The normal distribution approximates frequency distributions in nature

Examples

  • Human body temperature, in degrees Fahrenheit (Shoemaker 1996)

  • University undergraduate brain size (measured in number of megapixels on an MRI scan) (Willerman et al. 2991)

  • The number of bristles on the fourth and fifth segments of the abdomens of fruit flies (Falconer and macKay 1995)

The black lines show normal distributions with the same mean and standard deviation as measured in the data.

Example normal distributions. Whitlock & Schluter 3e

Example normal distributions. Whitlock & Schluter 3e

The formula for the normal distribution

  • Rarely used by hand (do not memorize)

  • Mean can be any value

  • Standard deviation can be any positive value

  • Thus β€œnormal distribution” is really an infinite number of distributions, each with its own

    1. Mean

    2. Standard deviation

\[ f(Y) = \frac{1}{\sqrt{2\pi\sigma^2}} \, e^{-\frac{(Y-\mu)^2}{2\sigma^2}} \]

Properties of the normal distribution

  • It is a continuous distribution:
    • probability measured by the area under the curve (AUC) not height of the curve
  • Symmetrical
  • Unimodal
  • Mode = mean = median

About 2/3 of AUC is < 1 sd from mean

About 95% of AUC is < 2 sd from mean

The standard normal distribution

  • The standard normal distribution is a normal distribution with:

    • mean = zero

    • standard deviation = one

  • Uses the symbol \(Z\) to indicate a variable having a standard normal distribution

Statistical Table B: The standard normal ( \(Z\) ) distribution

  • Gives probabilities under the right tail of the standard normal distribution.

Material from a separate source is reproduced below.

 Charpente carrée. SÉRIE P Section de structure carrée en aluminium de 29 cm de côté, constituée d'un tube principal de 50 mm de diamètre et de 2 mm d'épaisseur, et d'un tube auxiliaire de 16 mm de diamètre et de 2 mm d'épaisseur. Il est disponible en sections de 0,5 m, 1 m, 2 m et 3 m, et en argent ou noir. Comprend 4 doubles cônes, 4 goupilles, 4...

  • An example of a probability under the standard normal curve: the probability of sampling a value greater than or equal to the value \(1.96\) is \(0.025\), or \(2.5\%\).

Using Statistical table B

  • To find the area under the standard normal distribution to the right of \(Z=1.96\) :

    1. Find the first two digits \(1.9\) on the left

    2. Find the third digit \(6\) on the top

    3. The intersection gives the area under the curve

  • R equivalent:

    1 - pnorm(q = 1.96)

To find a AUC for a range, use subtraction

Example: What proportion of the population have values between X and Y?

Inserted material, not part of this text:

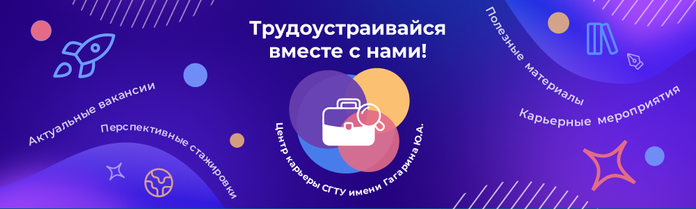 Центр карьеры СГТУ имени Гагарина Ю.А. – успешно функционирующее подразделение университета, созданное в 2021 году для осуществления комплексной поддержки студентов по вопросам содействия трудоустройству, всестороннего карьерного развития, профессиональной навигации обучающихся всех направлений подготовки.

To solve: Subtract 𝑍-score for Y from 𝑍-score for X

Z-Scores (standard normal deviates)

Using the standard normal to describe any normal distribution

  • There are an infinite number of normal distributions but they are all similar in shape
  • This allows us to use a simple transformation to obtain probabilities under any normal distribution
  • A standard normal deviate, or 𝒁-score, tells us how many standard deviations a particular value is from the mean

\[ Z = \frac{Y-\mu}{\sigma} \]

Where:

  • \(Z\) is a standard normal value

  • \(Y\) is any particular value

  • \(\mu\) is the population mean

  • \(\sigma\) is the population standard deviation

Practical application of 𝑍 scores

  • In many (most?) kinds of modeling, raw values of predictor variables should be converted to 𝑍 scores.

  • Two reasons:

    1. Effects size of variables can be compared directly (e.g. when doing multiple regression)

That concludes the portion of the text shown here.